In the midst of this discussion about disputable matters, Paul takes us to the gospel—the death, the Resurrection of Christ, and all the way to the judgment seat of Christ, where instead of us judging each other right now, we will be judged by Him in that day and give an account of our lives before Him. For Paul, this is all part of the gospel. He had already said that in Romans 2:16; he refers to the day when “God would judge the secrets of men’s hearts as my gospel declares,” Paul says. So, as he is calling the Church to work through matters of disagreements, as he is de-escalated the conflict, part of the strategy, part of the skill, is to keep us focused to central on the gospel. One of the sadnesses of our hearts in these days, many of us as leaders, pastors, elsewhere, we have sensed a diminishing of the beauty of the gospel message. And the good news of the loving and living Christ has somehow gotten lost in the disputes and disappointments of the day. And so, could we relearn the skill of keeping the gospel central?

The fact that Christ has come, Christ has died, Christ has risen, Christ will come again, Christ is for us, Christ is the forgiver of our sins and the redeemer of our souls and the One before whom we will give an account. So, if everything doesn’t feel settled on this side, it will be someday. Perhaps the emotion of the moment would be lessened if we didn’t feel like everything had to be resolved in the moment. The final leadership skill that Paul models for us, is he demonstrates love. Throughout the whole context of the book of Romans, it is overflowing with his love for the Church. The Church he hasn’t even physically been to yet, but he knows many of the people and knows about even more of the people, and love flows through Paul, and his call to love is evident.

Even right here in the middle of chapter 14, he says to them—we’ve already read the verse: 15—”If your brother is distressed because of what you eat, you’re no longer acting in love. Do not by your eating destroy your brother for whom Christ died.” “Don’t cling to your rights so closely, and don’t value your opinion so highly that it just runs over another believer in the Church,” Paul seems to be saying. These are disputable matters. Let’s let love be supreme and let the issues being secondary. Demonstrating love in seasons of known differences, in seasons of dispute, is a powerful skill but is something, as with all of them, we need the Holy Spirit.

And so, really the call today that I have for us for 2022, is to come back in dependence upon the same Christ, being filled with the same Holy Spirit who empowered Paul to challenge the Church that had their own disputable matters nearly 2000 years ago and come to us today and say, “Wait a minute, wait a minute, we can be the Church, and the Church can be a beautiful expression of our Christ in His heart.” The Alliance family has proven through the decades to be people who love Christ’s Church and invest heavily and significantly in her strength and beauty and establishment.

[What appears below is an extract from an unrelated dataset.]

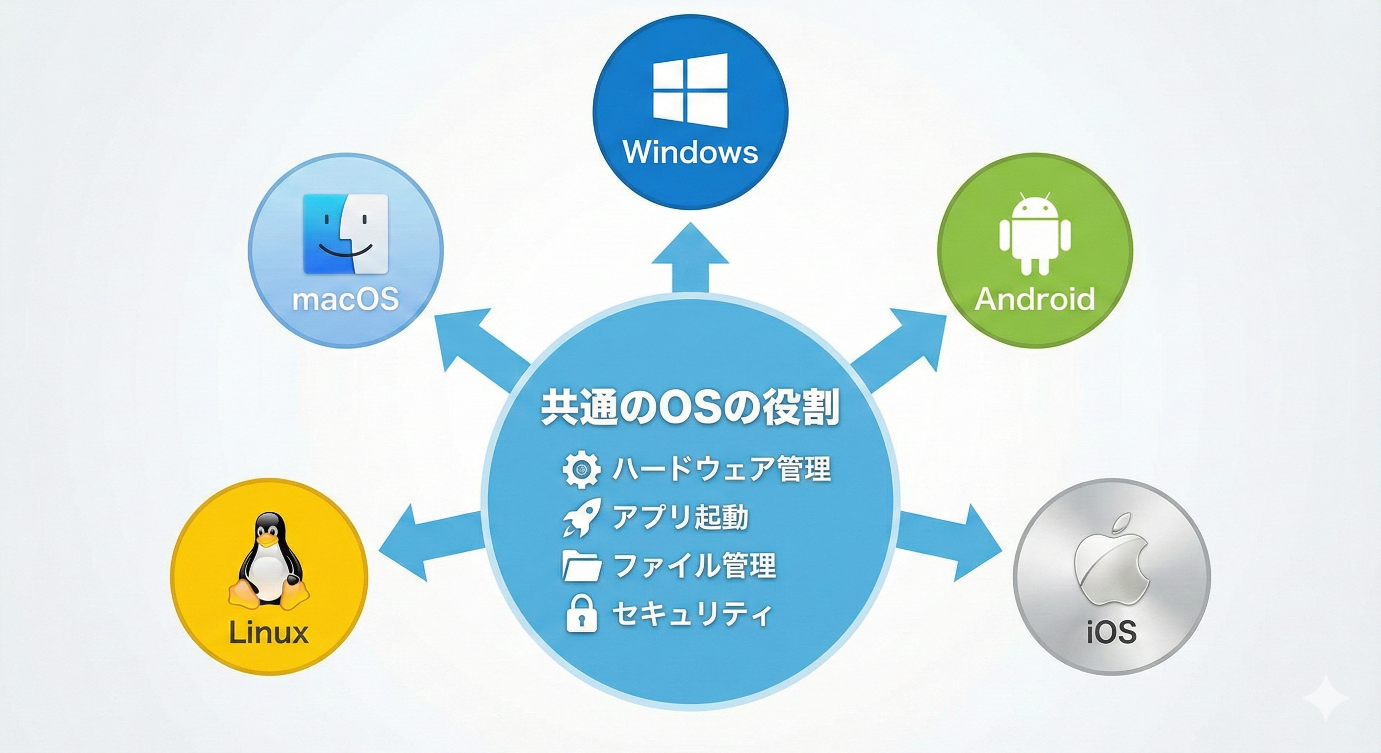 Windows、macOS、Linux、Android、iOSといったOSは、見た目や使い方は違っていても、「ハードウェアを管理し、アプリの土台となる」という共通の役割を持ちます。

Perhaps these four skills I’ve mentioned from Romans 14 will be helpful to you as they are to me. Perhaps the Spirit will take Romans 14 and take your heart in a different direction. But it’s with this commitment to Christ and love for His Church that we continue to press forward with expectancy and anticipation in 2022. And for this reason, I’ve asked one of my friends, co-worker, District Superintendent Thomas George, to lead us in a closing prayer, blessing us as we lead the Church.

– Hello family, let’s pray together. Oh Lord, our God, we praise You. We rejoice in this new year that You have provided. As leaders who shepherd Your sheep, as a part of Your body, as those who care for Your family, would You, Lord, re-center our identity upon Christ, our Savior. Would You re-focus us to Your wonderful gospel. Would You, Lord, help us to anticipate, even celebrate, our differences and learn to collaborate together for Your sake, for Your name, for Your glory. Would You, oh Lord, teach us humility to show deference to one another as we live out our love for You. Would You, oh Lord, provide us with wisdom, counsel, and empowerment as Your Holy Spirit works in us and through us in the coming days. We pray all this in the matchless name of our Lord Jesus. Amen.